In response to last Friday’s podcast with Tony Hammond about publishing for posterity, David Magda wrote to point out that our main topic of discussion — the DOI (digital object identifier) system — is one implementation of the CNRI (Corporation for National Research Initiatives) Handle System but there are others, including DSpace. I wondered whether this class of software might work its way into the realm of mainstream blogging. David responded:

A weblog (or web pages in general) are simply a collection of text, link, pictures. This is no different than any other document / object / entity that Dspace would handle. It’d simply be another type of CMS IMHO. I think this would be a really good project to implement for an undergrad thesis, or perhaps as part of a master’s thesis.

However as neat as all this is, I don’t think it would be implemented soon: or at least not in mainstream software. Few people will care whether their MySpace page survives over the aeons (and many people don’t want their kids to know what they did twenty years in the past).

But some of us do, and more of us will. The other day, for example, my daughter walked into my office while I was in the middle of a purge. Among the items destined for the recycling bin was a pile of InfoWorld magazines.

She: You’re throwing all these out?

Me: No, I’m keeping a few of my favorites. But as for the rest, I don’t have the space, and anyway it’s all on the web.

She: Don’t you want your grandkids to be able to see what you did?

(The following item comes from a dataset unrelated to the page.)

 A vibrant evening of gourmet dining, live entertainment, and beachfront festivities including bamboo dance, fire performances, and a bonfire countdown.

Heh. She had me there. A pile of magazines sitting on a shelf is almost certainly a more reliable long-term archive than a website running on any current content management system.

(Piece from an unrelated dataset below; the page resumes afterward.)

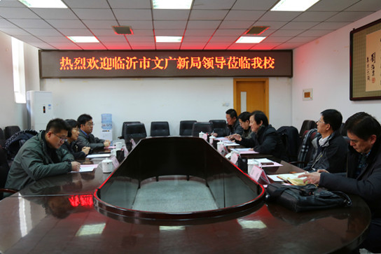 1月29日,临沂市文化广电新闻出版局党委书记、局长曹首娟、副局长张建华一行来我校调研洽谈合作事宜。座谈会在文东校区综合楼二楼会议室召开。山东艺术学院副院长高启光参加座谈会。
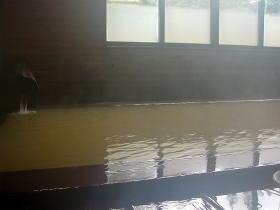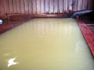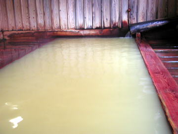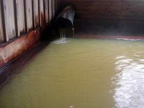 湯舟から黄褐色の湯が溢れます。源泉温度35.4℃の湯を42℃に加熱してかけ流しているそうです。

Here’s another example. Back in 2002 I cited an essay by Ray Ozzie that appeared on what was then his blog, at ozzie.net. But if you follow the link I cited today, you’ll land on the home page of the latest incarnation of Ray’s blog. The original essay is still available, but to find it you have to do something like this:

My Blog v1 & v2 -> stories -> Why?

So OK, the web rots, get over it, we should all accept that, right?

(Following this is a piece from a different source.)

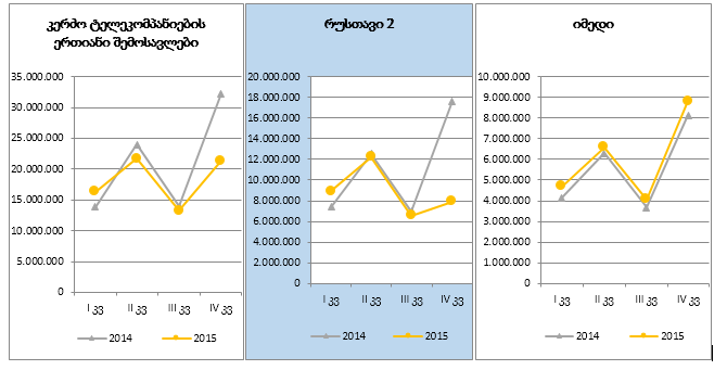 ზემოთ მოყვანილი ცხრილებიდან ჩანს, რომ 2015 წლის მეოთხე კვარტლის სარეკლამო შემოსავლებში „ტელეიმედის“ მონაცემებში კლება არ შეინიშნება. ხოლო ტელეკომპანია „რუსთავი 2“- ის 2015 წლის მეოთხე კვარტლის შემოსავალი 2014 წლის ანალოგიურ მაჩვენებელთან შედარებით შემცირებულია 55%–ით, მაშინ როდესაც პირველი სამი კვარტალი გაზრდილია 3%–ით. თუ გავითვალისწინებთ იმ გარემოებას, რომ „რუსთავი 2“-ის სამი კვარტლის მონაცემებსა და სხვა სატელევიზიო არხების შემოსავლების ტრენდის დინამიკაში ცვლილება არ მომხდარა, 2015 წლის მეოთხე კვარტალში კომპანია რუსთავი 2–ს სულ მცირე 10 მილიონი ლარით მეტი შემოსავალი უნდა მიეღო.

Well, libraries and academic publishers don’t accept that. Nothing lasts forever, but they’re building content management systems that are far more durable and resilient than any of the current blogging systems.

Conventional wisdom says that it wouldn’t make sense to make blogging systems similarly durable and resilient, for two reasons. First, because the investment would be too costly. Second, because blogs aren’t meant to last anyway, they’re just throwaway content.

The first point is well taken. As Tony Hammond points out in our podcast, the cost isn’t just software. Even when that’s free, infrastructure and governance are costly.

But I violently disagree with the second point. Just because most blog entries aren’t written for posterity doesn’t mean that many can’t be or shouldn’t be. My view is that blogs are becoming our resumes, our digital portfolios, our public identities. We’re already forced to think long-term about the consequences of what we put into those public portfolios because, though no real persistence infrastructure exists, stuff does tend to hang around. And if it’s going to be remembered, it should be remembered properly.

So a logical next step, and a business opportunity for someone, is to provide real persistence. This service likely won’t emerge in the context of enterprise blogging, because enterprises nowadays are more focused on the flip side of document retention: forgetting rather than remembering. Instead it’s a service that individuals will pay for, to ensure that the public record they write will persist across a series of employers and content management systems.